50% of this Fee is non-refundable/ non-applicable. 50% of this Fee to apply to selected item(s) above between each month’s 10th and last Day Only.

I already have a contract, I have never seen this in a contract for snow removal before, just wondering what it means.


----------



## somm (Oct 18, 2004)

If you're getting weekly/ daily measurable snow & ice WMHLC, you have zero need for charging you customers a Monthly Management Fee. In our area it can be two months between snows and a month between ice occurrences, yet we're expected to remain fully insured, stocked with supplies and equipment enough to withstand a Millenium Blizzard (ala 1977), equipment repaired or replaced, and employees fully payrolled. 

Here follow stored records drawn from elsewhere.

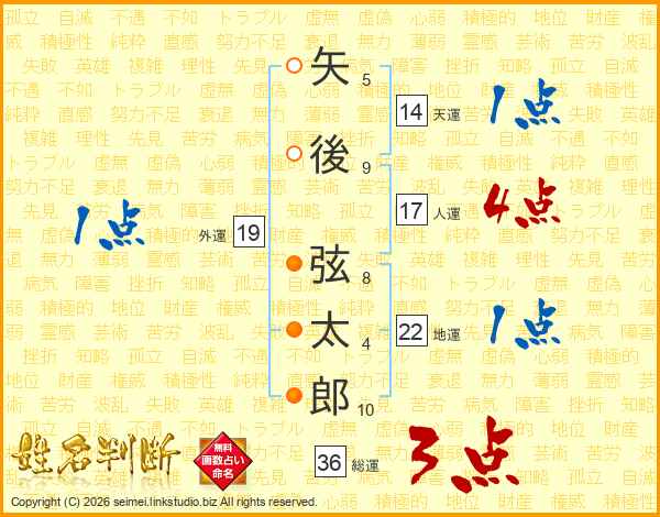 矢後弦太郎さんの総運は36画の3点!
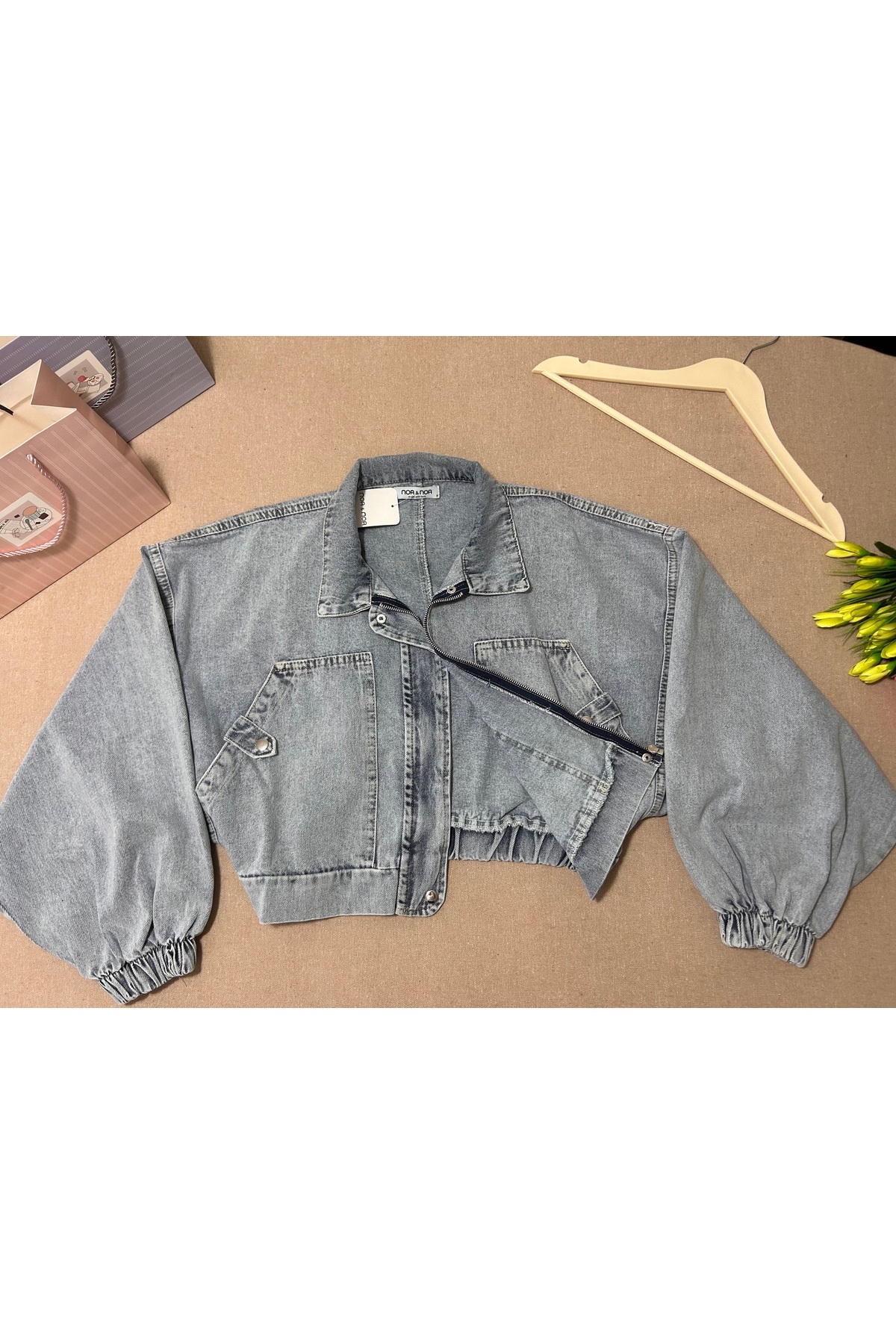 Gömlek Yaka Göğüs Cepli Uzun Kollu Fermuarlı Kısa Crop Denim Ceket Gömlek Yaka Göğüs Cepli Uzun Kollu Fermuarlı Kısa Crop Denim Ceket TYCLFE2CLN170821135430786 L
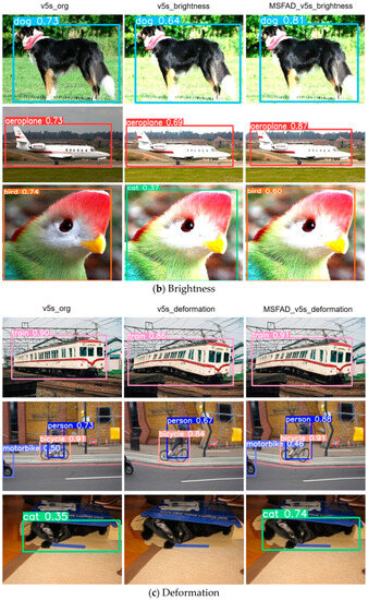 Figure 9b highlights the discernible reduction in detection accuracy of the nondistilled model when the image’s brightness was adjusted. This decline became evident when a bird was inaccurately identified as a cat. Conversely, the distilled model adeptly mitigated the unfavorable effects of brightness modifications. Remarkably, the detection accuracy of specific targets exceeded that achieved during normal image detection. This pronounced improvement shows the increased stability of student detectors when confronted with fluctuations in brightness.
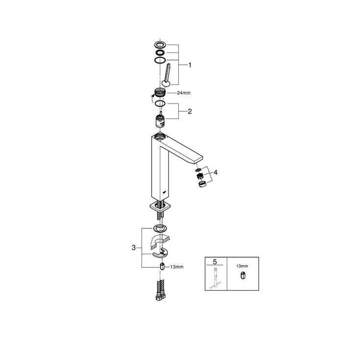 Turn on the style! With its clean lines based on the form of the classic cube, the extra high GROHE Eurocube Joy Single-lever basin mixer is perfect for anyone who wants a free-standing basin in a modern bathroom. It is packed with unique GROHE technology. The brand new FeatherControl system with ceramic disks has a joystick that can be moved easily in all directions with the fingertips for a simple and precise control of water flow and temperature. And it features the innovative GROHE QuickFix Plus system, which cuts the installation time by up to 50%. This elegant extra-high mixer tap complements the other products in the range such as the Eurocube Joy Single-lever bath mixer.
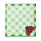 A pattern of cute red and black ladybugs and white daisies are on a light green background. A larger ladybug is in the bottom right corner.
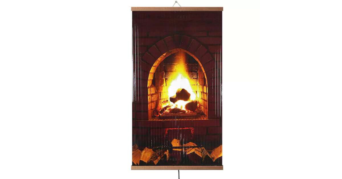 Panou cu infraroșu, panou de încălzire cu infraroșu decorativ, panou cu infraroșu mobil cu imagine șemineu, 500W - pliabil, 105 x 60 cm Descriere
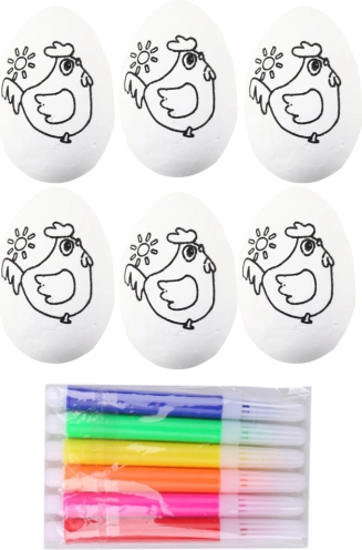 - Sve u pakiranju – 6 jaja + 6 šarenih flomastera (žuta, narančasta, crvena, plava, ružičasta, zelena).
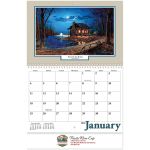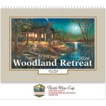 Impress Your Customers with this Woodland Retreat Wall Calendar! 13 month wall calendar from December to December with large blocks for writing notes and a 3 year calendar on the back cover. Stunning outdoor woodland scenes from artist Jim Hansel. Features spiral binding. High quality gloss paper with UV coated cover; Eco-friendly and Recyclable. Made from 10% post-consumer waste. Add your company name and logo and see a realistic product preview of your imprint. Complies with Prop 65. 11″ W x 9.5″ H
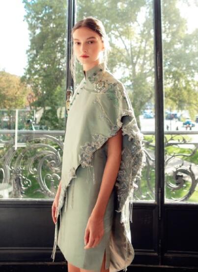 正常的旗袍是没有飘纱的,但是我把它融入到旗袍中,能展现东方女性的身材,同时这种很飘逸的东西,又能展现中国哲学里的闲适!
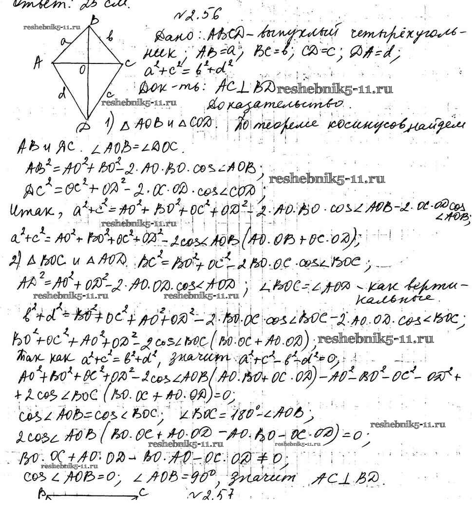 Готовая домашняя работа с ответами по Геометрии за 9 класс Мерзляк, Поляков Учебник Углубленный уровень Вентана-граф 2019 ФГОС - §2 2.56
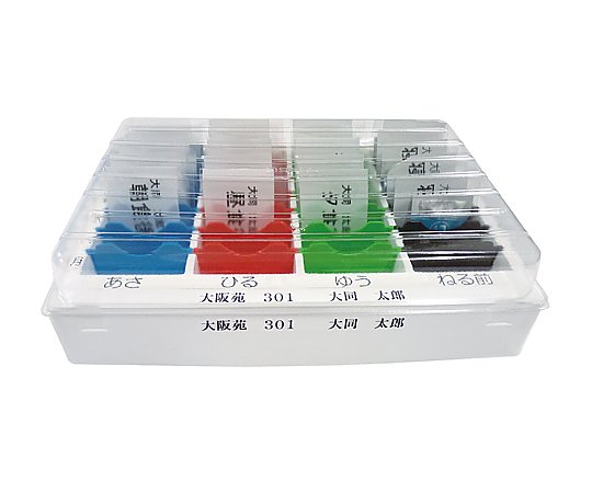 仕切板は入れ替えできますので、1日2〜4回の処方に対応できます。 ・最大28マスに区切る事ができ、1マスは分包紙サイズで便利です。 ・仕切板を外すと軟膏容器等も収納できます。 ・軽量・フタ付きで積み重ねが容易です。材質:トレー/PS(ポリスチレン)、フタ/PET(ポリエチレンテレフタレート)、仕切板/ABS樹脂 ・1マスサイズ:69.5×23.5×79mm ・サイズ(mm):322×222×85 ・セット内容:トレー×1個、フタ×1個、仕切板(青・赤・緑・黒)×各6枚、シール(用法・曜日・名前)×1枚 ・おくすり仕分薬仕切板は入れ替えできますので、1日2〜4回の処方に対応できます。 ・最大28マスに区切る事ができ、1マスは分包紙サイズで便利です。 ・仕切板を外すと軟膏容器等も収納できます。 ・軽量・フタ付きで積み重ねが容易です。材質:トレー/PS(ポリスチレン)、フタ/PET(ポリエチレンテレフタレート)、仕切板/ABS樹脂 ・1マスサイズ:69.5×23.5×79mm ・サイズ(mm):322×222×85 ・セット内容:トレー×1個、フタ×1個、仕切板(青・赤・緑・黒)×各6枚、シール(用法・曜日・名前)×1枚 ・おくすり仕分薬

Adjust months, dates, percentiles, as you'd like.

The Monthly Management Fee boils down to YOU GET PAID during the timeframes you need to - whether snow or ice happens or not! 
This is beneficial to the Customer from a readiness standpoint as well as benefitting the Snow & Ice Management Contractor during their long periods of time with no Snow or Ice occurring in their respective geographic area.


The Management Fee is the Customer's Snow & Ice Insurance Plan for the season, in such geographic areas.


----------



## WMHLC (Jul 31, 2005)

Makes sense, that is nice, I always charge by the season, and bill salt separte each month.


----------